Intelligence Layer Release 3.0.0

· 3 min read
Johannes Wesch
Sebastian Niehus

What's new with version 3.0.0

3.0.0

Dear developers, we’re thrilled to share a host of updates and improvements across our tracing and evaluation frameworks with the release of the Intelligence Layer 3.0! These changes are designed to enhance functionality and streamline your processes. To help you navigate these updates since release 1.0, we’ve organized them by topics, offering a clearer view of what’s new in each functional area. For the full list of changes, please refer to the changelog on our GitHub release page.

Python 3.12 Support

The Intelligence Layer now fully supports Python 3.12!

Tracer

We introduced an improved tracing format based on the OpenTelemetry format, while being more minimalistic and easier to read. It is mainly used for communication with the TraceViewer, maintaining backwards compatability. We also simplified the management of Span as well as TaskSpan and removed some unused tracing features. In future releases the old format will slowly be deprecated.

Evaluation

Better Support for Parameter Optimization

To make the comparison of workflow configurations, such as combinations of different models with different prompts, more convenient, and enable better parameter optimization, we added the aggregation_overviews_to_pandas method. This method converts multiple Aggregation objects into a pandas dataframe, ready for analysis and visualization. The new parameter_optimization.ipynb demonstrates the usage of the new method.

New Incremental Evaluator

There are use cases where you want to add some more models or runs to an already existing evaluation. Prior to this update, this meant that you had to re-evaluate all the previous runs again, potentially wasting time and money. With the new IncrementalEvaluator and IncrementalEvaluationLogic it is now easier to keep the old evaluations and adding new runs to them without performing costly re-evaluations. We added a how-to guide to showcase the implementation and usage.

New Elo Evaluation

We added the EloEvaluationLogic for implementing your own Elo evaluations using the Intelligence Layer! Elo evaluations are useful if you want to compare different models or configurations by letting them compete directly against each other on the evaluation datasets. To get you started, we also added a ready-to-use implementation of the EloQaEvaluationLogic, a how-to guide for implementing your own Elo evaluations, and a detailed tutorial notebook on Elo evaluation of QA tasks.

Argilla Rework

We did a major revamp of the ArgillaEvaluator to separate an AsyncEvaluator from the normal evaluation scenario. This comes with easier to understand interfaces, more information in the EvaluationOverview and a simplified aggregation step for Argilla that is no longer dependent on specific Argilla types. Check the how-to for detailed information.

Breaking Changes

For a detailed list see our GitHub release page.
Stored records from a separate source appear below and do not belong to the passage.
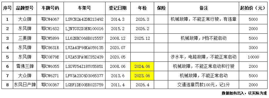 四、特別提醒:拍賣車輛不含車牌號碼,以現(xiàn)狀拍賣現(xiàn)狀交付。
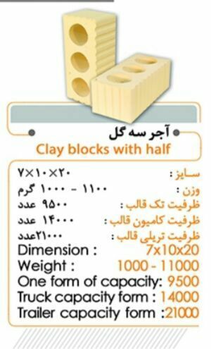 تعداد آجر در هر تن : حدود ۴۲۰ الی ۴۴۰ قالب
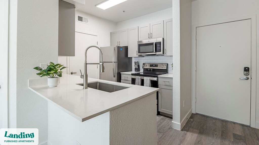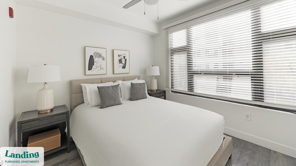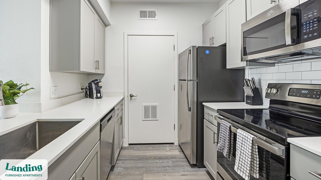 Landing offers flexible lease terms from weeks to months. Please always visit our website or contact us for the latest pricing & availability. Stay longer, save more: 6-Month Minimum base rent: starts at $2534/mo 12-Month Minimum base rent: starts at $2268/mo Landing offers flexible leases across a network of over 35,000 fully-furnished apartments throughout 375+ cities so you can rent on your terms, practically anywhere, and avoid the hassle of paying deposits or application fees. Visit to learn about all the benefits of a Landing membership, see our competitive up-to-date pricing, explore available apartments, take virtual tours, and make reservations online without jumping through traditional rental hoops. Landing's apartments at Ten01 On The Lake are designed for comfortable, easy living, with the ability to stay as long as you like. Experience living with Landing Every apartment is outfitted with all the modern essentials including: custom-designed furnishings, a fully-equipped kitchen with deluxe stainless steel appliances, a gourmet coffee maker, premium linens, Smart TVs, and incredibly fast, reliable internet for working from home. When you live with Landing, you'll enjoy a hassle-free experience with the added benefit of 24/7 access to our dedicated member experience team. Some of the nitty-gritty: a background check and proof of income are required; we're completely smoke-free; bundled utility packages and pricing vary based on length of stay; pet-friendly options available; listed price reflects a 12-month minimum stay.
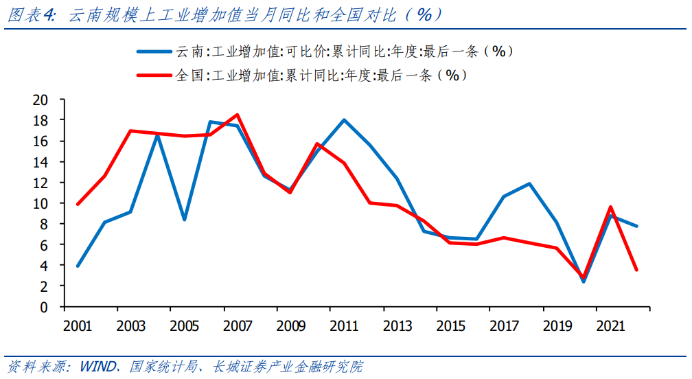 云南省第二產業(yè)波動較大,但增速快于全國。從趨勢上看,2011-2019年工業(yè)增加值整體高于全國,2020和2021與全國持平,2022又出現明顯的回升?!笆濉逼陂g,云南工業(yè)增加值從全國排名23躍居到第19,規(guī)模以上工業(yè)增加值年均增速達到7.8%,奮力直追。2022年工業(yè)增加值同比上漲7.7%,高于全國平均增加值(3.6%)的兩倍。
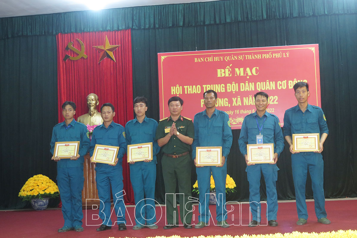 Kết thúc hội thao, Ban tổ chức đã trao giải nhất nhì, ba ở các nội dung cho các tập thể, cá nhân. Trong đó, đối với tập thể: giải nhất thuộc về Trung đội DQCĐ phường Thanh Châu; giải nhì Trung đội DQCĐ xã Phù Vân; giải ba: Trung đội DQCĐ xã Liêm Chung. Đối với cá nhân, Ban tổ chức trao giải nhất, nhì, ba cho các đồng chí trung đội trưởng, tiểu đội trưởng, toàn năng cá nhân nam, nữ 3 môn quân sự phối hợp.
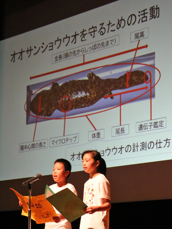 発表後、北森大晴さん(10)は「緊張したけど、思う通りに言えた。これからもオオサンショウウオの大切さを伝えたい」と話した。

  • Changes related to Tracers.
  • Moved away from nltk-package for graders.
  • Changes related to Argilla Repositories and ArgillaEvaluators.
  • Refactored internals of Evaluator. This is only relevant if you subclass from it.

These listed updates aim to assist you in easily integrating the new changes into your workflows. As always, we are committed to improving your experience and supporting your AI development needs. Please refer to our updated documentation and how-to guides linked throughout this update note for detailed instructions and further information. Happy coding!